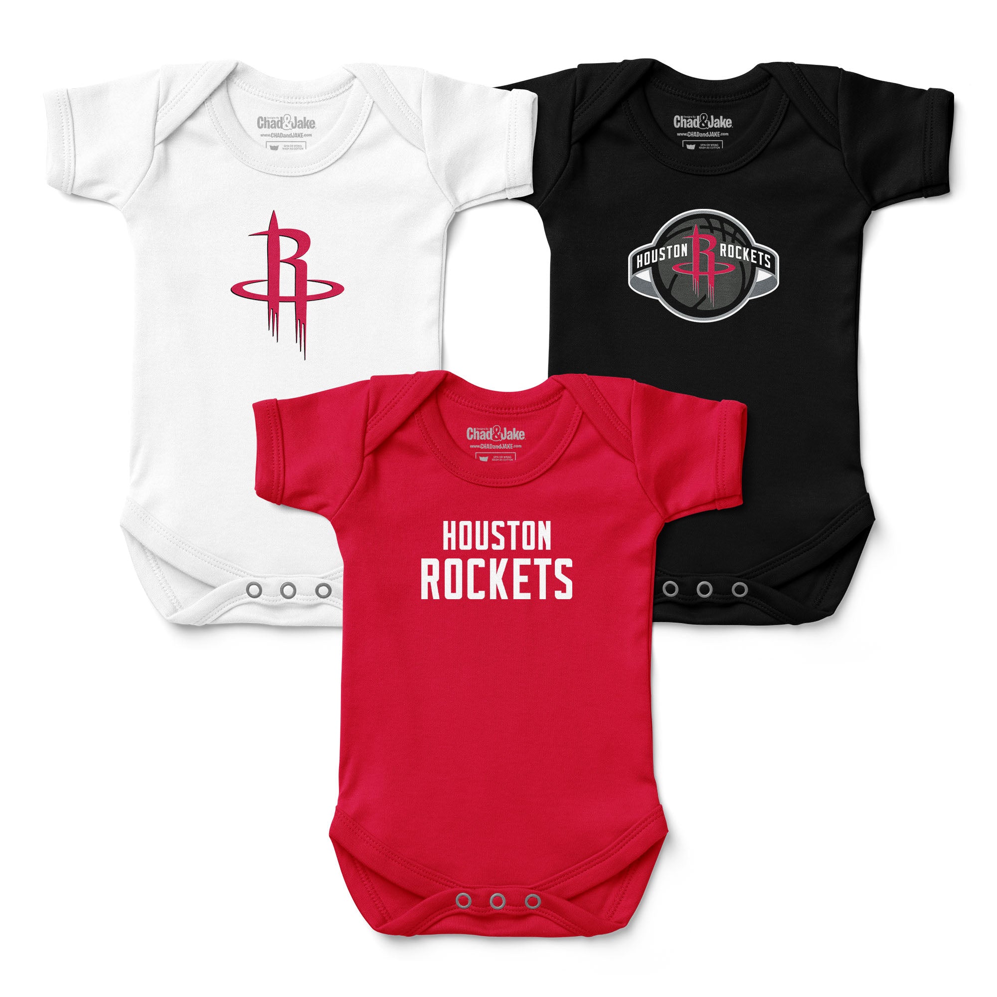 Introduce your little one to the world of hockey with our officially licensed Houston Rockets 3-Pack Bodysuits. Crafted from soft and breathable cotton, these bodysuits are perfect for keeping your baby comfortable throughout the day. Each pack includes three unique designs that proudly represent the Houston Rockets, ensuring your baby looks adorable while supporting the team. Available in five sizes: 0-3 Months, 3-6 Months, 6-12 Months, 12-18 Months, and 18-24 Months. Whether it's game day or everyday wear, your little one will be the cutest Rockets fan in town. Get your 3-pack today and show your Houston Rockets spirit!
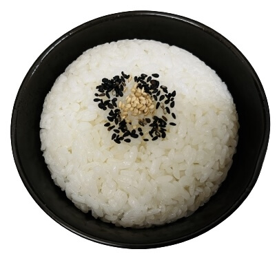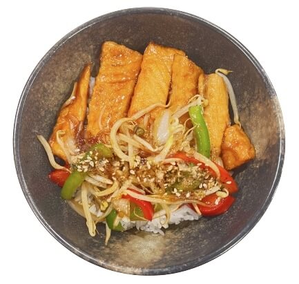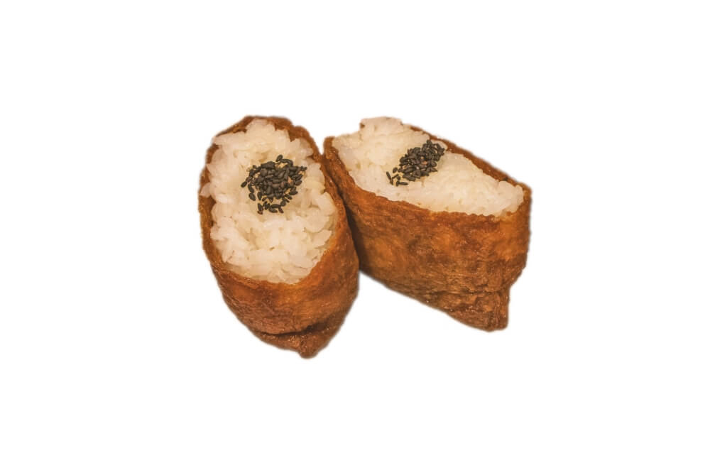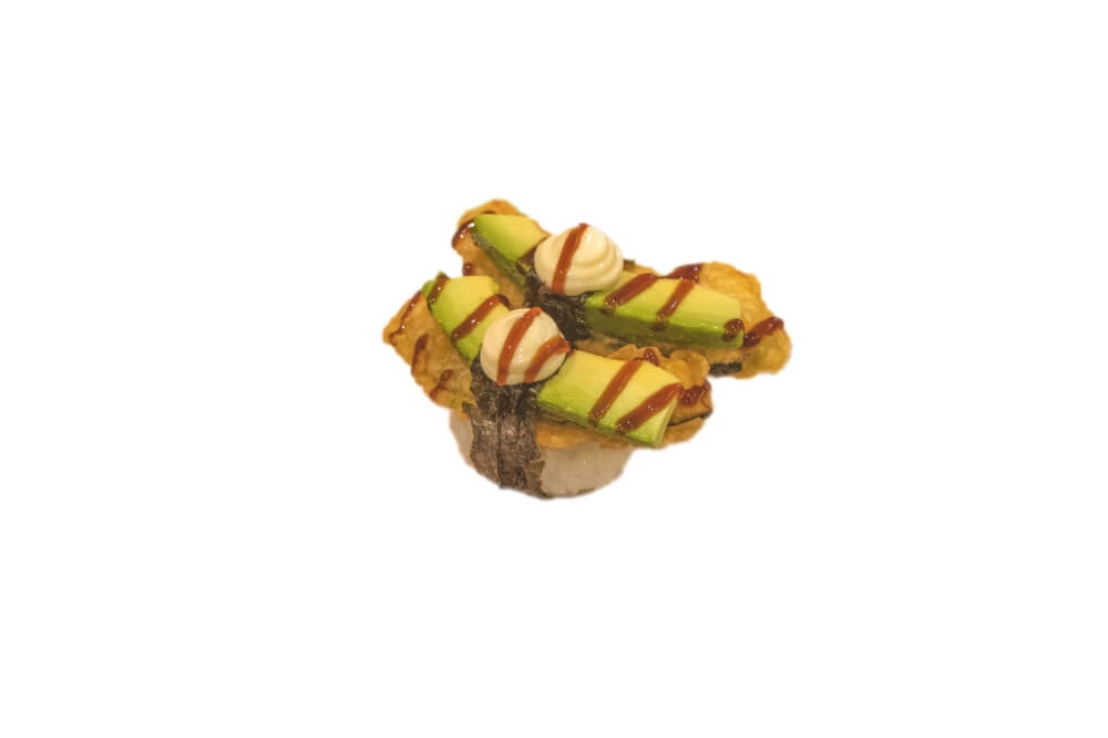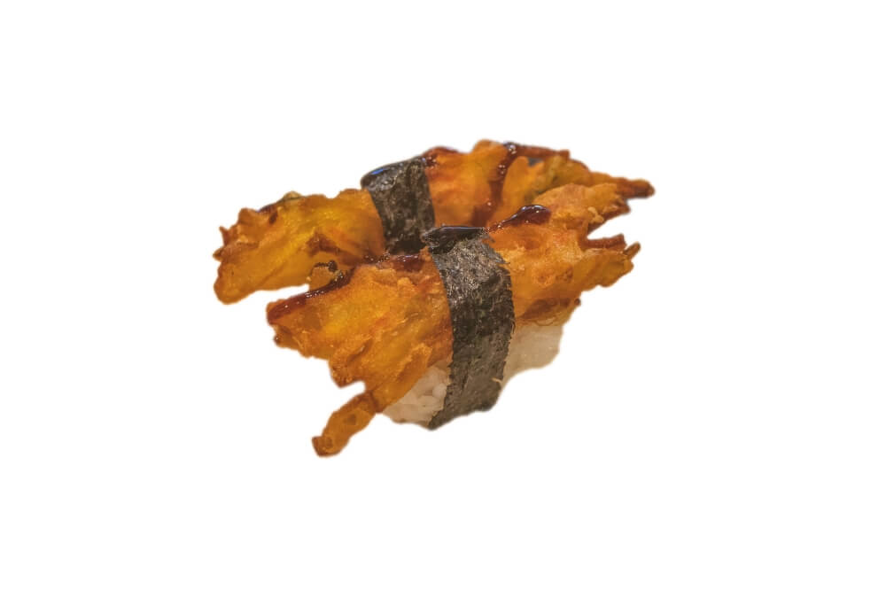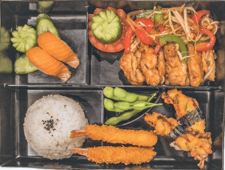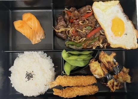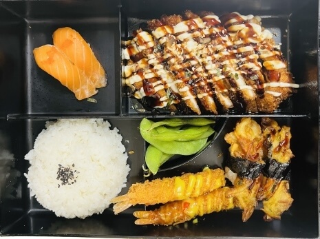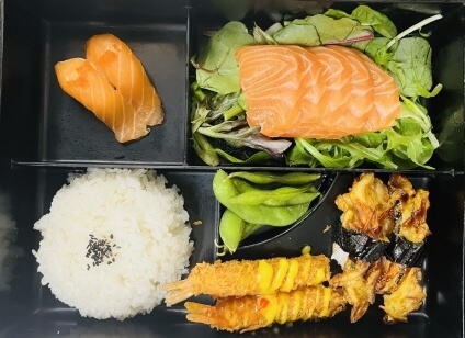 Vegetable nigiri 2pcs, Salmon nigiri 2pcs, plain rice, Tempura prawn 2pcs, edamame
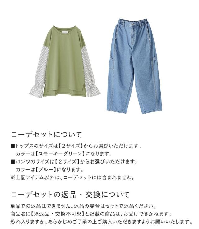 『異素材キャンディースリーブカットソー×サルエルペインターデニムパンツコーデ2点SET』【メール便不可】【40】[2点コーデセット 2026 レディース カットソー 長袖 トップス ロンT デニム パンツ ジーパン]
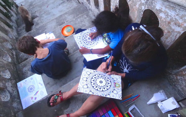 Au crépuscule, l’idée est venue de faire du coloriage. Anti a sorti plein de trésors de ses coffres à trésors. Les couleurs ont fusé, les rires aussi, en même temps que cette concentration si particulière que seuls les enfants sont capables de montrer.
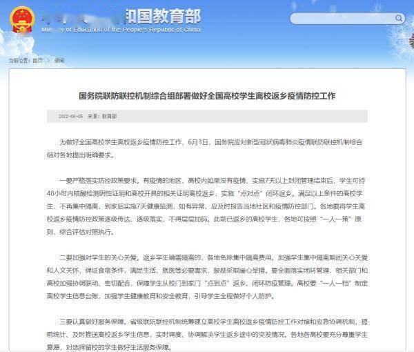 满足这些条件,疫情地区返乡也无需隔离 在会上,国家卫生健康委疾控局副局长、一级巡视员雷正龙强调,各地应进一步提高防控措施的科学性、精准性、针对性,坚决防止简单化、做到“九不准”。其中包括不准对来自低风险地区人员采取强制劝返、隔离等限制措施、不准随意扩大采取隔离、管控措施的风险人员范围、不准对符合条件离校返乡的高校学生采取隔离等措施等。 但仍有学生反映学校所在地发生疫情,所在学校处于低风险地区,返乡后却被要求集中隔离的情况。 那么,究竟什么样的情况返乡的高校学生需要集中隔离,什么样的情况无需隔离? 针对这一问题,刘培俊明确:有疫情的地区,高校校园内如果没有疫情,学生完成7天以上的封闭管理后,按照学校规定和安排,学生可持本校开具的相关证明,以及48小时内核酸检测阴性证明离校返乡,从学校到返乡目的地“点对点”闭环方式返乡回家。满足以上条件的高校学生到达返乡目的地后,不再集中隔离,到家后实施7天健康监测,如有异常情况,向当地社区和疫情防控部门报告情况。 暑假想留校搞科研、做毕设,能行吗? “尊重学生选择意愿,满足学生留校参加实习、进行实验研究、准备论文以及考试等各项合理需求。”刘培俊表示,有一部分学生因为就业、学业等相关因素选择留在校园,教育部要求各地各学校应做好留校学生的服务保障。 “学校应教育引导学生加强健康监测,坚持良好健康生活习惯,不松懈、不大意,持续做好个人防护。优化调整就餐、购物、收发快递等相关措施,按需求开放校内的学习、锻炼、科研等重点场所,满足学生就诊就医等特殊需求。”刘培俊说,高校应落实教育部和国家卫健委联合发布的高等学校新冠肺炎疫情防控技术方案(第五版),落实常态化防控措施,完善应急处置预案,精准有效做好校园疫情防控各项工作。 返乡能买到票吗? 暑假即将来临,大学生返乡将迎来高峰,回家的票好买吗? 国铁集团客运部副主任朱文忠介绍,在充分了解学生返乡需求的基础上,铁路部门将采取加开列车、加挂车厢、动车组重联等措施,提供充足运力。 “北京发往全国主要城市的列车近200列,提供席位超过12万个,完全能够满足学生返乡出行需求。”朱文忠说,在北京、广州、武汉、西安等高校集中地区,将安排一定数量的热备动车组,根据售票大数据动态,随时启动备用能力,满足突发学生客流出行需要。 来源:科技日报
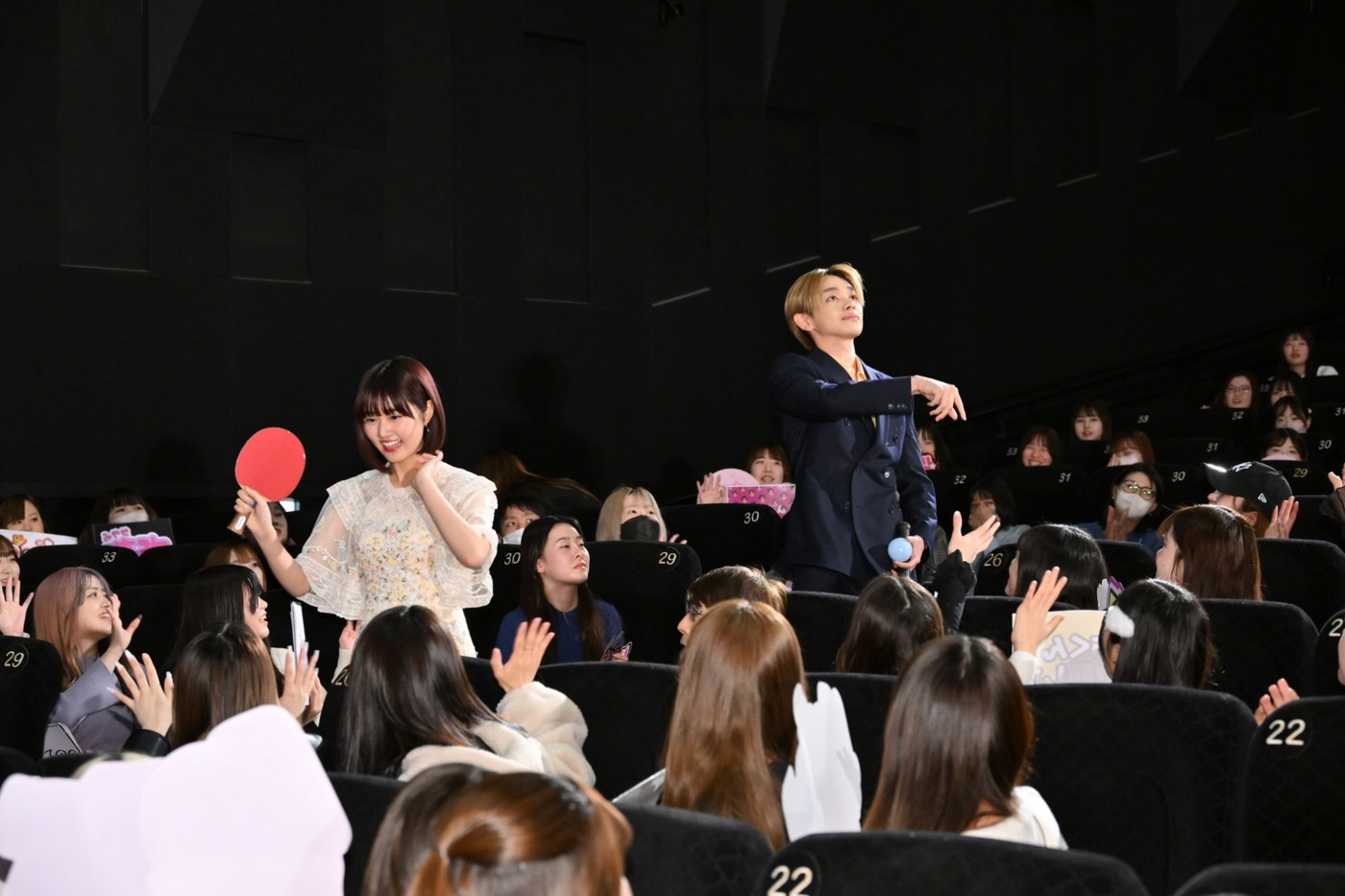 宮世と原が客席通路から登場すると、観客からは驚きいっぱいの黄色い歓声があがり、ふたりは大ヒットを支えてくれた観客へ感謝の気持ちを込めてサインボールをプレゼント。
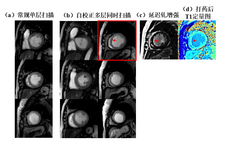 本文提出的自校准多层同时采集方法(b)发现了传统单层采集方法(a)遗漏的灌注缺损(缺血)区域(红箭),该区域与注射钆增强剂的延迟图像(c)T1定量图(d)上的梗死区域(红箭)一致。

-- What is being asked --
Produce a word-for-word copy of the records, omitting all images.

-- Answer space --
 Introduce your little one to the world of hockey with our officially licensed Houston Rockets 3-Pack Bodysuits. Crafted from soft and breathable cotton, these bodysuits are perfect for keeping your baby comfortable throughout the day. Each pack includes three unique designs that proudly represent the Houston Rockets, ensuring your baby looks adorable while supporting the team. Available in five sizes: 0-3 Months, 3-6 Months, 6-12 Months, 12-18 Months, and 18-24 Months. Whether it's game day or everyday wear, your little one will be the cutest Rockets fan in town. Get your 3-pack today and show your Houston Rockets spirit!
 Vegetable nigiri 2pcs, Salmon nigiri 2pcs, plain rice, Tempura prawn 2pcs, edamame
 『異素材キャンディースリーブカットソー×サルエルペインターデニムパンツコーデ2点SET』【メール便不可】【40】[2点コーデセット 2026 レディース カットソー 長袖 トップス ロンT デニム パンツ ジーパン]
 Au crépuscule, l’idée est venue de faire du coloriage. Anti a sorti plein de trésors de ses coffres à trésors. Les couleurs ont fusé, les rires aussi, en même temps que cette concentration si particulière que seuls les enfants sont capables de montrer.
 满足这些条件,疫情地区返乡也无需隔离 在会上,国家卫生健康委疾控局副局长、一级巡视员雷正龙强调,各地应进一步提高防控措施的科学性、精准性、针对性,坚决防止简单化、做到“九不准”。其中包括不准对来自低风险地区人员采取强制劝返、隔离等限制措施、不准随意扩大采取隔离、管控措施的风险人员范围、不准对符合条件离校返乡的高校学生采取隔离等措施等。 但仍有学生反映学校所在地发生疫情,所在学校处于低风险地区,返乡后却被要求集中隔离的情况。 那么,究竟什么样的情况返乡的高校学生需要集中隔离,什么样的情况无需隔离? 针对这一问题,刘培俊明确:有疫情的地区,高校校园内如果没有疫情,学生完成7天以上的封闭管理后,按照学校规定和安排,学生可持本校开具的相关证明,以及48小时内核酸检测阴性证明离校返乡,从学校到返乡目的地“点对点”闭环方式返乡回家。满足以上条件的高校学生到达返乡目的地后,不再集中隔离,到家后实施7天健康监测,如有异常情况,向当地社区和疫情防控部门报告情况。 暑假想留校搞科研、做毕设,能行吗? “尊重学生选择意愿,满足学生留校参加实习、进行实验研究、准备论文以及考试等各项合理需求。”刘培俊表示,有一部分学生因为就业、学业等相关因素选择留在校园,教育部要求各地各学校应做好留校学生的服务保障。 “学校应教育引导学生加强健康监测,坚持良好健康生活习惯,不松懈、不大意,持续做好个人防护。优化调整就餐、购物、收发快递等相关措施,按需求开放校内的学习、锻炼、科研等重点场所,满足学生就诊就医等特殊需求。”刘培俊说,高校应落实教育部和国家卫健委联合发布的高等学校新冠肺炎疫情防控技术方案(第五版),落实常态化防控措施,完善应急处置预案,精准有效做好校园疫情防控各项工作。 返乡能买到票吗? 暑假即将来临,大学生返乡将迎来高峰,回家的票好买吗? 国铁集团客运部副主任朱文忠介绍,在充分了解学生返乡需求的基础上,铁路部门将采取加开列车、加挂车厢、动车组重联等措施,提供充足运力。 “北京发往全国主要城市的列车近200列,提供席位超过12万个,完全能够满足学生返乡出行需求。”朱文忠说,在北京、广州、武汉、西安等高校集中地区,将安排一定数量的热备动车组,根据售票大数据动态,随时启动备用能力,满足突发学生客流出行需要。 来源:科技日报
 宮世と原が客席通路から登場すると、観客からは驚きいっぱいの黄色い歓声があがり、ふたりは大ヒットを支えてくれた観客へ感謝の気持ちを込めてサインボールをプレゼント。
 本文提出的自校准多层同时采集方法(b)发现了传统单层采集方法(a)遗漏的灌注缺损(缺血)区域(红箭),该区域与注射钆增强剂的延迟图像(c)T1定量图(d)上的梗死区域(红箭)一致。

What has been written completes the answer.